In the records below, the lines between the one holding "Professor Herbert Tingsten" and the one holding "サンドイッチ (卵・ハム&チーズ)", inclusive, are to be transcribed exactly; no pictures are to be included.

= Beginning of Section =

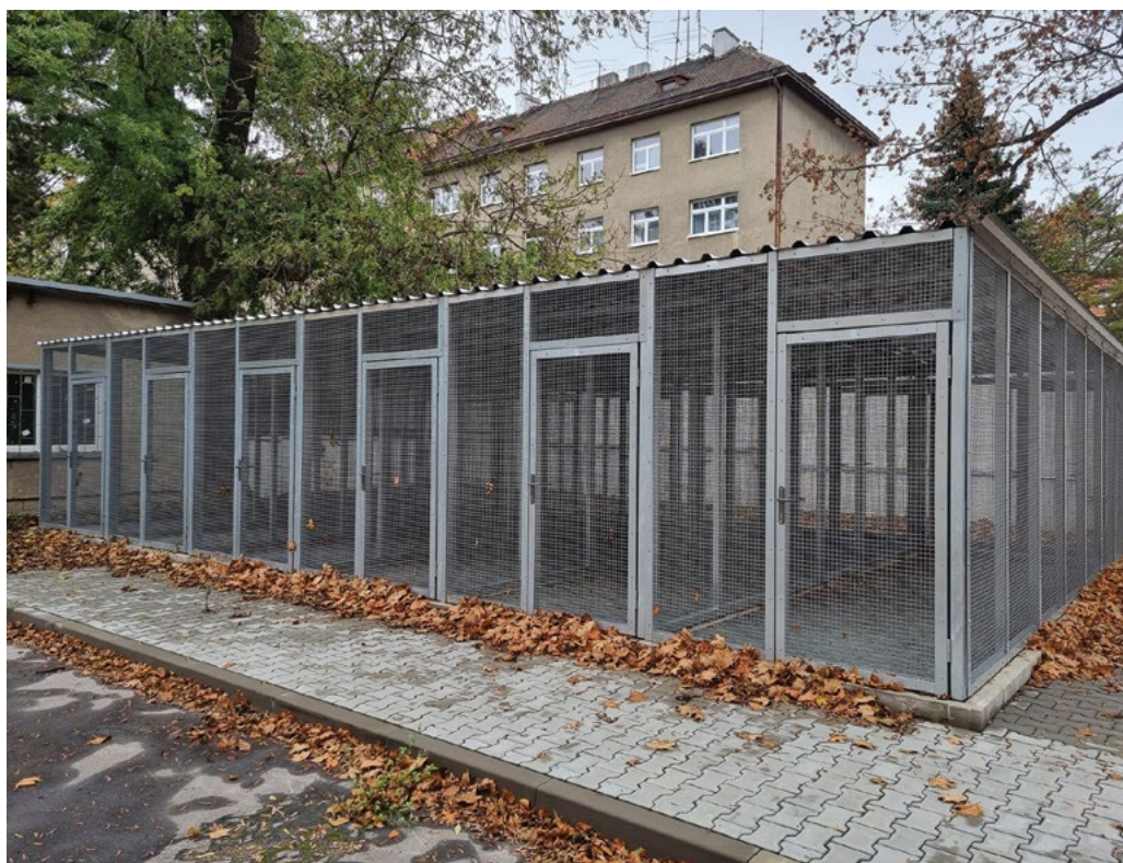
Podpora rozvoje zázemí pro výuku ochrany zvířat a dobrých životních podmínek pro zvířata

Priorita je zaměřena na zvyšování kvality studijních programů nabízených v cizích jazycích ve smyslu
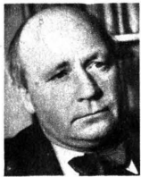
Professor Herbert Tingsten
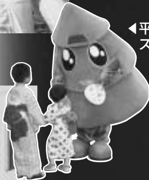
◀平成19年開催の秋田わか杉国体マスコット スギッチも登場!!
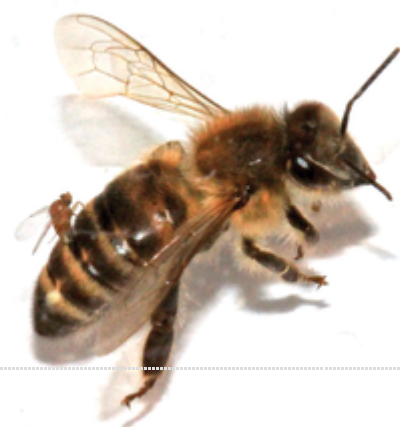
Femelle d' Apocephalus borealis en train de pondre ses œufs dans l'abdomen d'une abeille domestique . L'opération ne prend que 2 à 4 secondes.

Le virus IAPV : une étude parue dans la revue Science en 2007 fait état de l'analyse des organismes commensaux des abeilles s'étalant sur une période de trois ans 18 . Ce rapport a déterminé que le virus israélien de la paralysie aiguë ( Israeli acute paralysis virus of bees , ou IAPV), initialement décrit par un chercheur israélien, est fortement corrélé avec le syndrome d'effondrement des colonies. Selon l'un des coauteurs de l'étude, Ian Lipkin : « nos résultats indiquent que l'IAPV est un marqueur significatif du CCD. L'étape suivante est de déterminer si l'IAPV, seul ou de concert avec d'autres facteurs peut induire le syndrome chez des abeilles saines. » Pour le moment on ne sait pas si ce virus est un symptôme ou une cause de l'effondrement. Les effets de l'IAPV sont multiples :
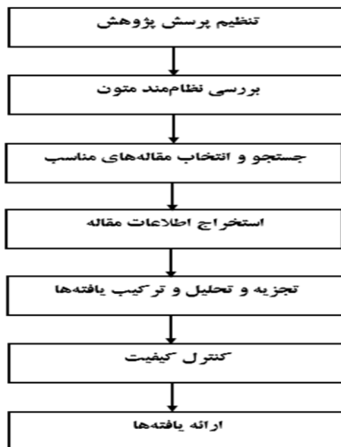
شکل ۱. مراحل هفت‌گانه فراترکیب (سندلوسکی و باروسو، ۲۰۰۳)
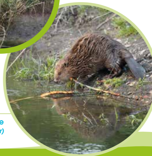
Castor d'Europe ( Castor fiber )
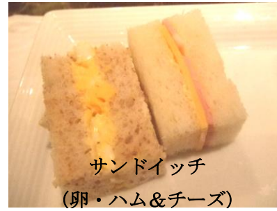
サンドイッチ (卵・ハム&チーズ)

あらかじめ、皆様にはメニューの中から好きな「おやつ」・「飲み物」を選んで頂き、職員がご注文の品を席まで運び召し上がって頂きました。外出することの少ないご利用者の皆様には、多少なりとも喫茶店の雰囲気を感じてもらったことができたようで、楽しい催しとなりました。
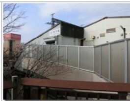
古墳群があちこちに
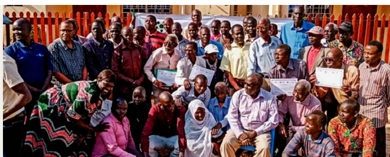
An der RJMEC-Informationsveranstaltung von 2020 in Wau, der zweitgrössten Stadt Südsudans, nahmen zahlreiche Lehrerinnen und Lehrer teil.

Fin 2013, soit deux ans à peine après la proclamation de l'indépendance du Soudan du Sud, le pays sombrait dans une guerre civile sanglante, dont le bilan s'élève aujourd'hui à plus de 400 000 victimes. La signature de l'accord de paix en 2018 a mis fin dans une large mesure aux combats. Mais la rivalité entre le président Salva Kiir et son vice-président Riek Machar n'a jamais cessé et leur lutte pour le pouvoir entrave la mise en place des institutions de l'État. La RJMEC, instituée par l'accord de paix de 2018 pour en surveiller et en évaluer la mise en oeuvre, est également chargée de soumettre des propositions au gouvernement de transition. Elle doit rendre compte à cet égard aux chefs d'État des pays membres de l'organisation des États dans la Corne de l'Afrique (IGAD). Cette entité diplomatique neutre et indépendante, qui emploie une cinquantaine de personnes originaires du monde entier, est financée par divers États ainsi que par l'UE. La RJMEC soutient tous les six chapitres de l'accord de paix. La mise en place des institutions étatiques doit permettre, conformément à l'accord de paix, la tenue en décembre 2021 des premières élections libres au Soudan du Sud. Mais le chemin vers une paix durable semble encore long et les élections devront très probablement être reportées.

= End of Section =

Result below.
Professor Herbert Tingsten
◀平成19年開催の秋田わか杉国体マスコット スギッチも登場!!
Femelle d' Apocephalus borealis en train de pondre ses œufs dans l'abdomen d'une abeille domestique . L'opération ne prend que 2 à 4 secondes.

Le virus IAPV : une étude parue dans la revue Science en 2007 fait état de l'analyse des organismes commensaux des abeilles s'étalant sur une période de trois ans 18 . Ce rapport a déterminé que le virus israélien de la paralysie aiguë ( Israeli acute paralysis virus of bees , ou IAPV), initialement décrit par un chercheur israélien, est fortement corrélé avec le syndrome d'effondrement des colonies. Selon l'un des coauteurs de l'étude, Ian Lipkin : « nos résultats indiquent que l'IAPV est un marqueur significatif du CCD. L'étape suivante est de déterminer si l'IAPV, seul ou de concert avec d'autres facteurs peut induire le syndrome chez des abeilles saines. » Pour le moment on ne sait pas si ce virus est un symptôme ou une cause de l'effondrement. Les effets de l'IAPV sont multiples :
شکل ۱. مراحل هفت‌گانه فراترکیب (سندلوسکی و باروسو، ۲۰۰۳)
Castor d'Europe ( Castor fiber )
サンドイッチ (卵・ハム&チーズ)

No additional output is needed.